La terra di Montalbano
La Sicilia sud orientale è famosa nel mondo per il suo tardo barocco, le cui grandiose forme ne delinearono all’unisono l’aspetto in seguito al devastante terremoto del 1693 che la rase al suolo.
Appena sbarcati all’aeroporto di Catania-Fontanarossa con l’amico Pietro, on the road abbiamo raggiunto una villa sulla costa di Ispica, che è stata la nostra base. Nonostante mi svegliassi ogni giorno praticamente sulla spiaggia e il magnifico Angelo ci accarezzasse il palato con le sue ghiottonerie, ero nel mezzo del ben di Dio e la forza dell’arte mi calamitava appena aprivo gli occhi.
Per riconoscenza all’ospitalità, ho visitato dapprima Ispica, che con la sua storia insignita di passaggi (siculi, greci, romani, bizantini, arabi, normanni, svevi, angioini) è una nicchia di segreti che vale la pena vedere. Scoprirete che ancora accesissimo è l’antagonismo tra le due principali confraternite del paese: cavari e nunziatari sono così rivali da far invidia alle contrade di Siena!

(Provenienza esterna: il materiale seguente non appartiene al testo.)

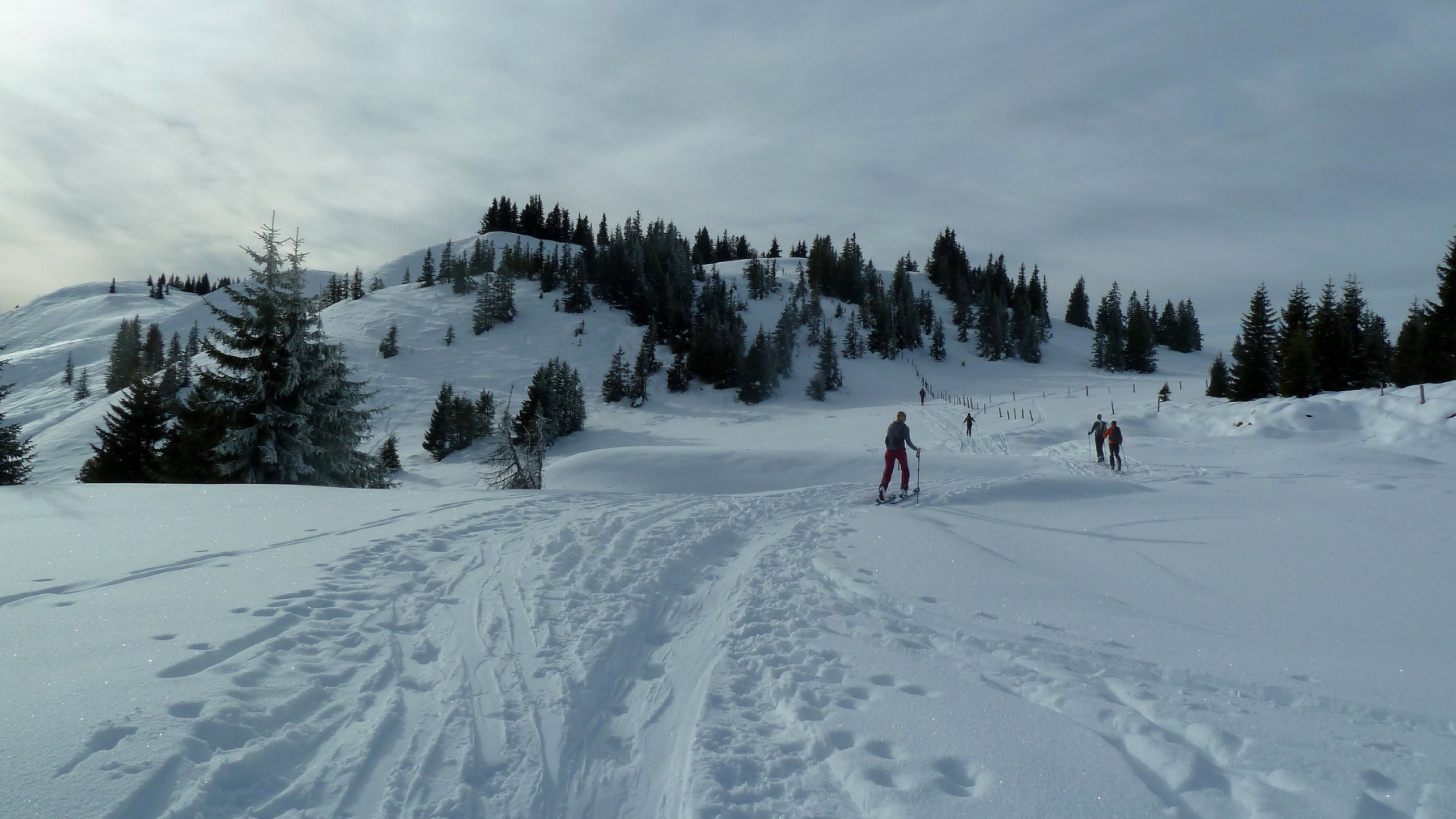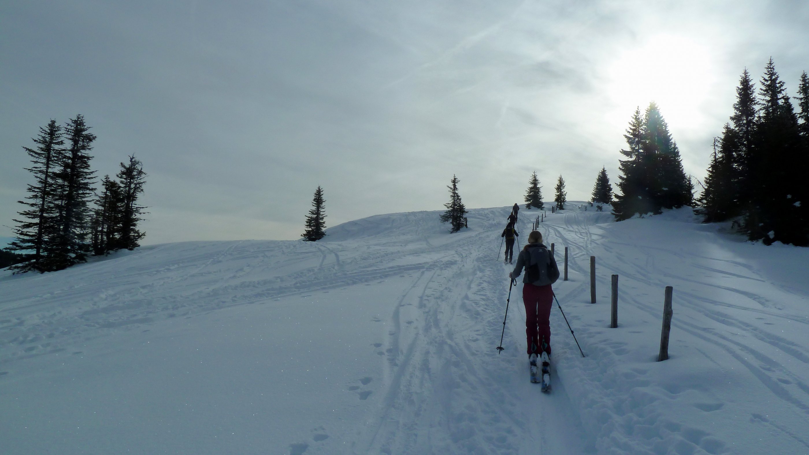 Nach der kurzen Abfahrt vom Parkplatz biegen wir gleich rechts ab in den vielbegangenen Aufstieg durch den Auwald. Vom gestrigen Schneefall ist nicht viel zu bemerken, aber auch im unteren Teil im dichten Wald ist die Schneelage ausreichend, weiter oben im lichten Wald für einen Aufstieg fast üppig. Auch zum Kollmansegg und weiter zum Ahornstein begleitet uns winterliches Ambiente.
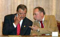 El presidente Vicente Fox y el representante de la sociedad civil de la Uni�uropea, Juan Moreno, durante el acto de la canciller�FOTO Guillermo Sologuren
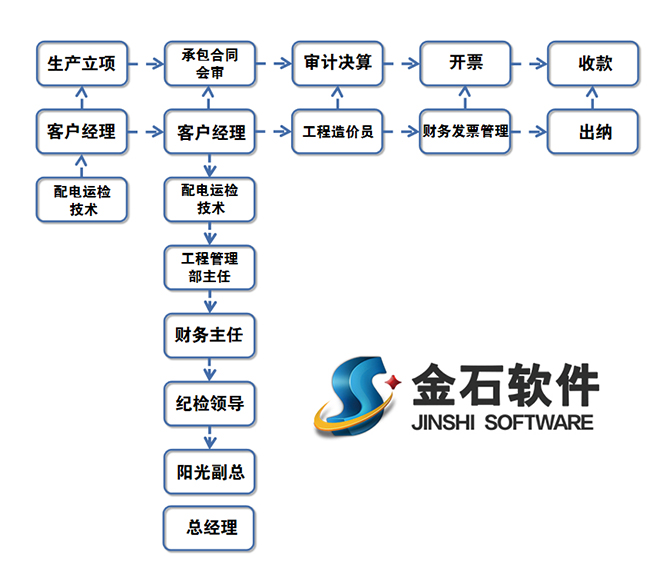 金石軟件工程師通過陽光電力公司相關領導的詳細溝通后,結(jié)合實際情況,對陽光電力管理流程進行了全面的梳理,操作方案流程如下:
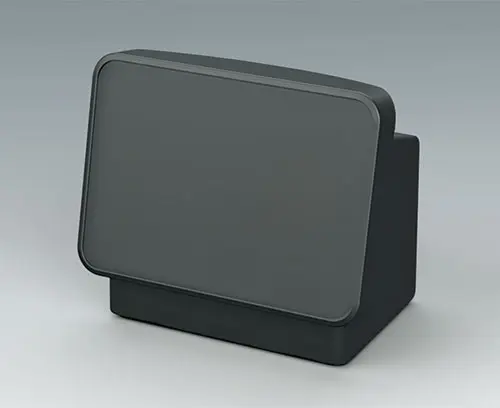 Face avant S À commander avec le corps du boitier COMMUNITEC S. Comprend une zone en retrait pour la protection des claviers à membrane et l'intégration d'écrans grand format jusqu'à 11,5" (29 cm), ainsi qu'une surface plane en partie basse pour les éléments de commande et les connecteurs. Des plots de fixation sont intégrés pour les PCB ou les platines de montage. Montage de la face avant par l’arrière.
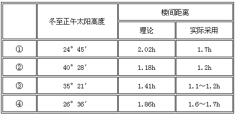 材料三:下列表格是我国部分城市,冬至正午太阳高度与住宅的楼间距离理论与实际值:
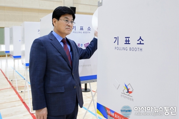 | 이춘희 세종시장이 제19대 대선을 앞둔 8일 투표소를 찾아 준비 상황을 점검하고 “투표율 1위를 달성해 행정수도 완성에 힘이 될 수 있도록 투표권을 행사해 달라”고 시민들의 투표 참여를 당부했다. 세종시는 지난 4~5일 실시된 사전투표에서 34.48%로 전국 최고의 투표율을 기록했었다.(사진제공=세종시청) |
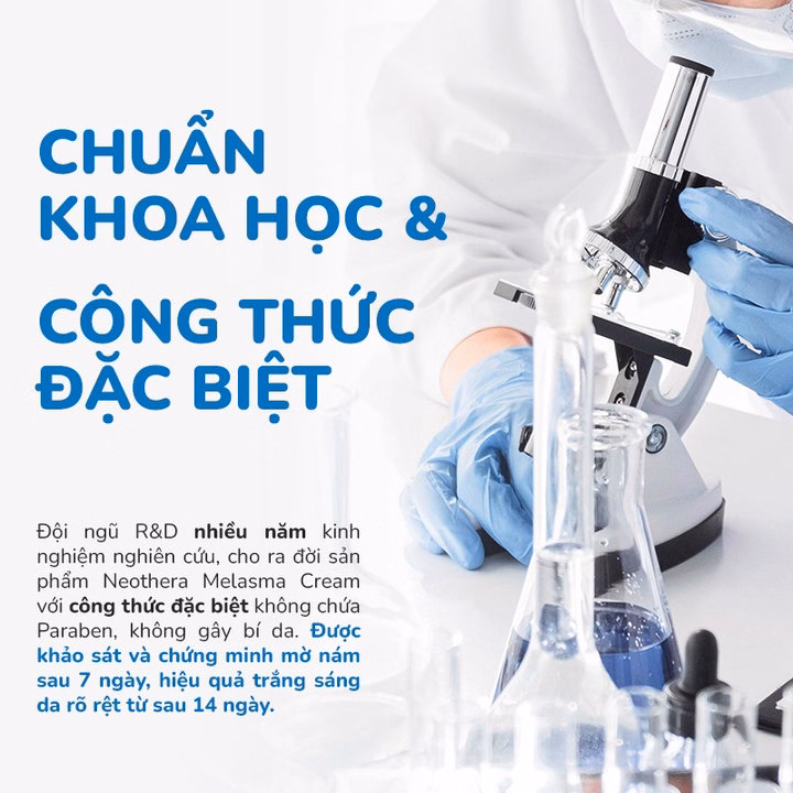 Kem nám Neothera Melasma Cream chứa Tổ Hợp Khoa Học “Triple Action – T.A.K” gồm Tranxemic Acid, Alpha Arbutin và Mận Kakadu giàu vitamin C thông qua cơ chế “ức chế sản xuất melanin” từ bên trong giúp giảm nám sau 2 tuần và trắng sáng da sau 7 ngày. Kem Không chứa Corticoid gây mòn mỏng, mẫn cảm da. Đã được kiểm định độ an toàn bởi Sở Y Tế.
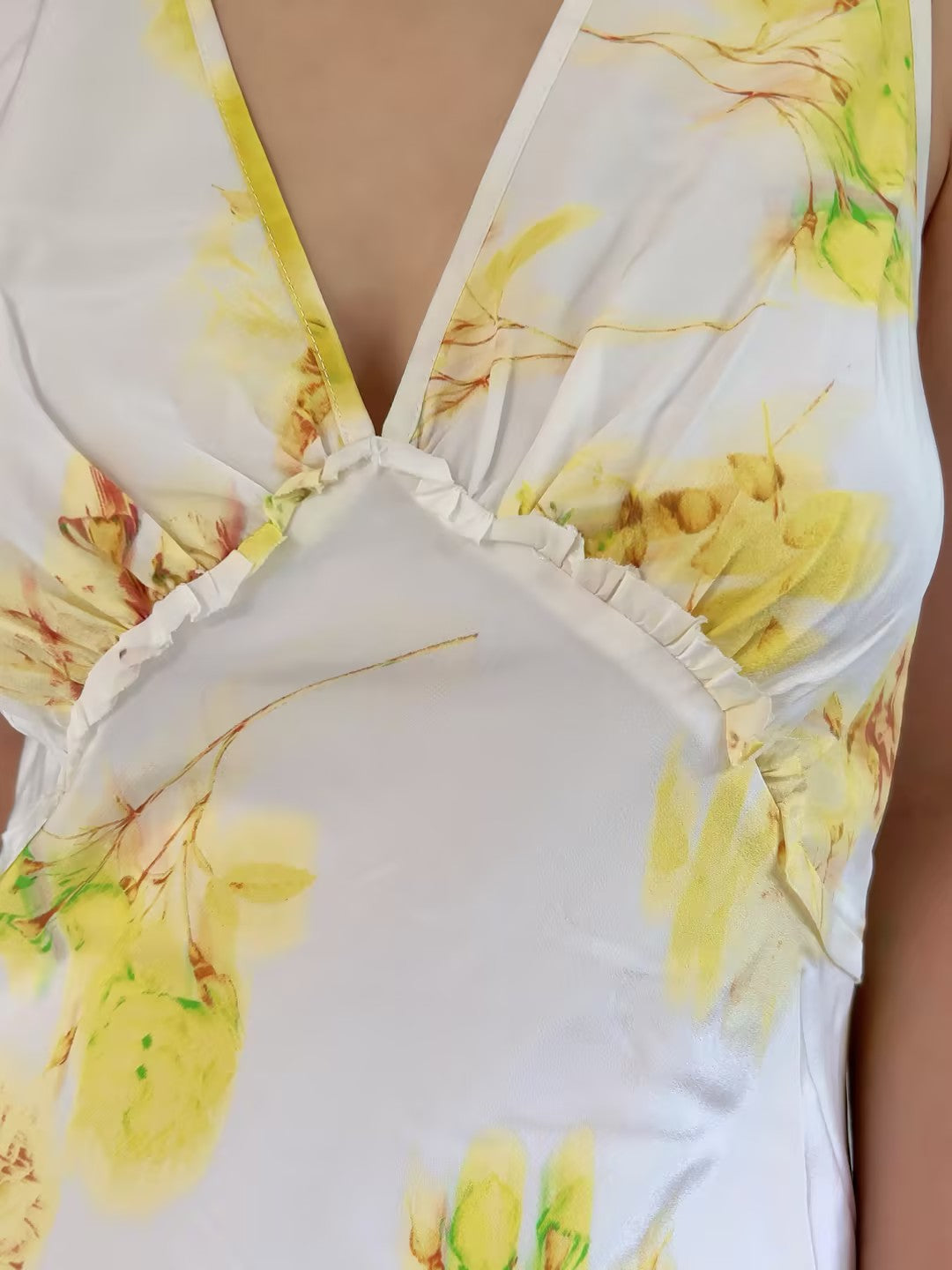 Features delicately cut on the bias from floaty silk crepe de chine, a custom floral print, seamlessly fusing both vintage and modern design elements. Authentic sample with brand tag. Retail price $349 USD.
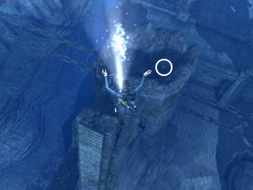 TREASURES ON THE SEA FLOOR: Between the statues and the building, there's a dark trench—presumably the moat that the drawbridge once spanned. Swim down into this trench. When you spot the bones of a shark or whale on the bottom, head to the right. (These screenshots show the path to the three treasures here.) Swim along the bottom of the trench until you see a shadow on the left wall of the trench cast by the statue above. Swim toward it and look on the ground for a shiny treasure (2/30). It's hard to see in the gloom, so turn on the Utility Light if you haven't already.
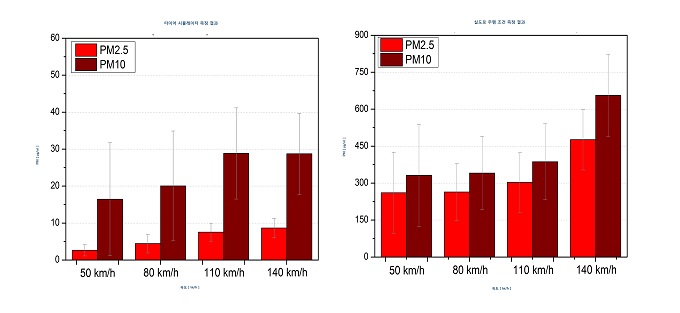 ▲타이어 마모 시뮬레이터로 측정한 미세먼지 배출량(왼쪽)과 실제 도로 주행 조건에서 측정한 미세먼지 배출량(오른쪽)을 나타낸 그래프. 이 그래프를 통해 순수하게 타이어 마모로 발생한 미세먼지의 양을 파악할 수 있다.
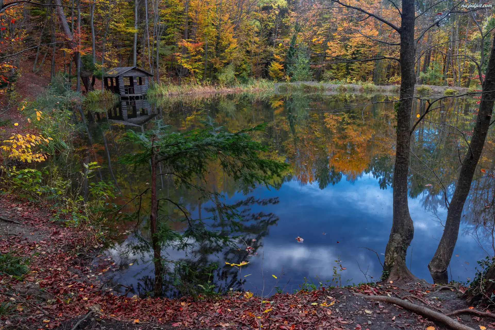 Jesień, Jezioro, Drzewa, Las, Altanka
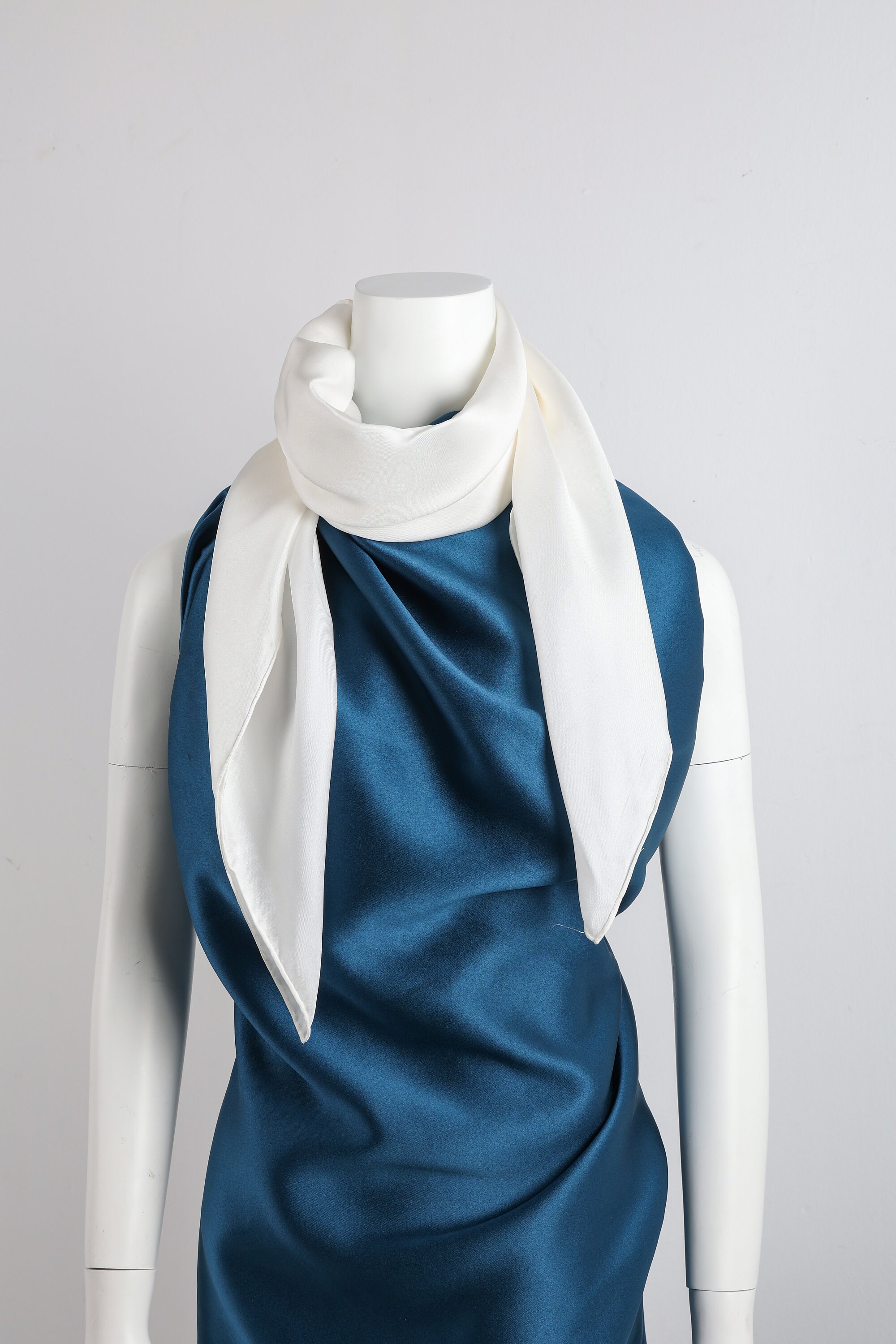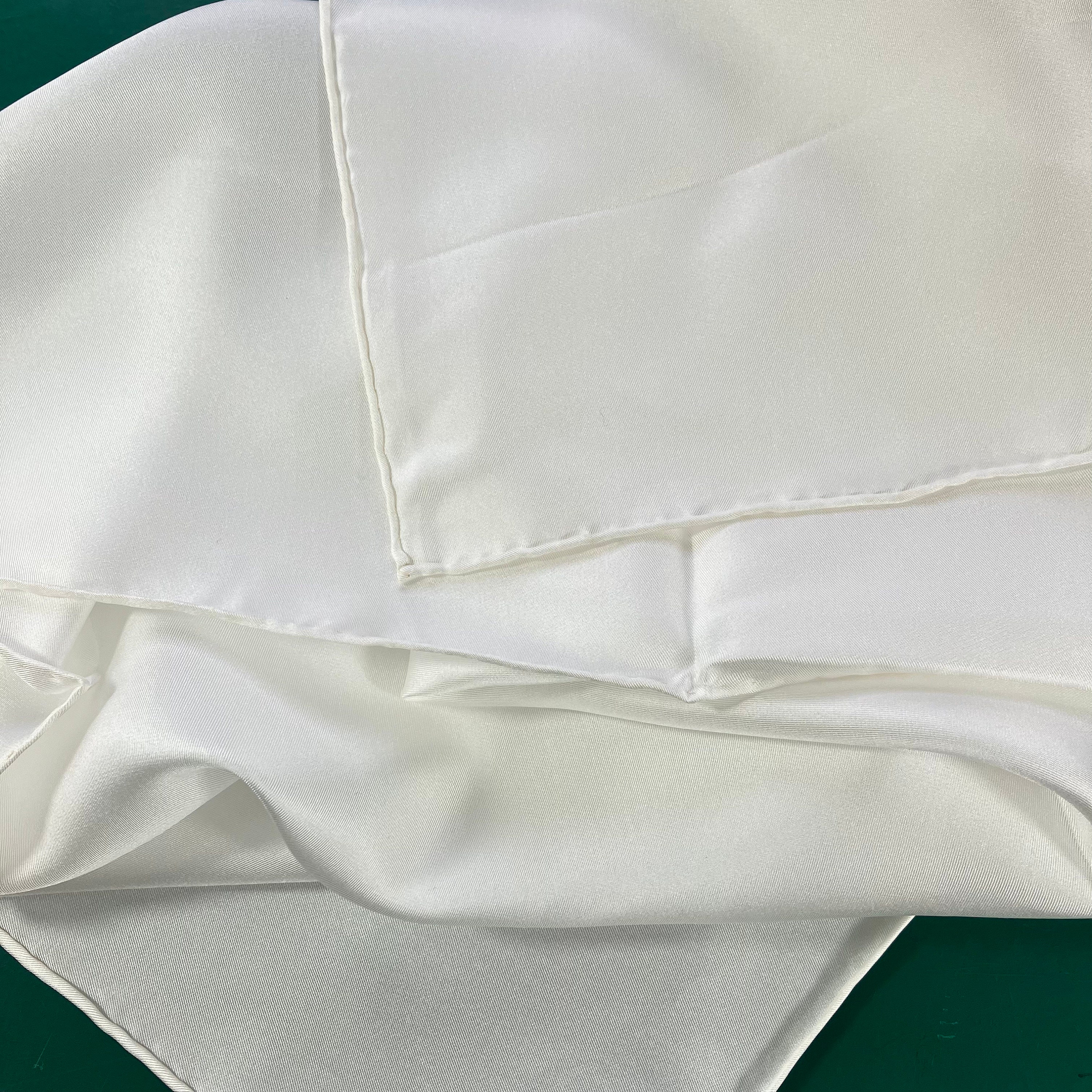 We use 12 momme silk twill fabric, cut and hand rolled with to create these undyed silk scarves.
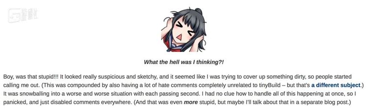 病娇君的开发者博客清晰易读,还配有可爱的游戏女主角表情包,一直很能打动人,但是很多粉丝已经不会相信了

A riguardo, imperdibili sono i rituali mistico-religiosi della settimana santa, con processioni, pellegrinaggi e una spettacolare via crucis, così viva da impressionare anche una miscredente come me.
Ai cavari appartiene la chiesa di Santa Maria Maggiore, nata per ospitare il simulacro del Santissimo Cristo alla colonna, qui trasferito dopo essersi miracolosamente salvato dal terremoto.
L’interno, a tre navate, conserva gli affreschi del 1765 del catanese Olivio Sozzi, uno dei più significativi cicli pittorici siciliani del secolo.
Bellissimo anche il loggiato semiellittico, che ricorda in piccolo il colonnato berniniano di San Pietro.
I nunziatari sono legati, invece, alla chiesa della Santissima Annunziata dove conservano la loro effigie.
Qui, dove gli interni sono decorati con gli stucchi riconducibili a Giuseppe Gianforma (1750 ca.), la scultura del Santissimo Cristo con la croce è custodita nell’altare destro del transetto.
Di notte, quando è ravvivata dalle luci, l’esuberanza pietrosa delle sue forme si posa per un po’ negli occhi.
Surreale è stato, poi, scendere nella Cava d’Ispica: una vallata ardua quanto una foresta, al cui interno tra brulicanti greggi ancora si nascondono necropoli preistoriche, catacombe cristiane, oratori rupestri, eremi monastici ed arcane grotte oscure che neppure lo stravagante accompagnatore “Ciccio ‘ra cava” (un indigeno che snocciolava in una lingua arcaica e a tratti incomprensibile piccoli aneddoti avvolti nel mistero) ci ha saputo motivare.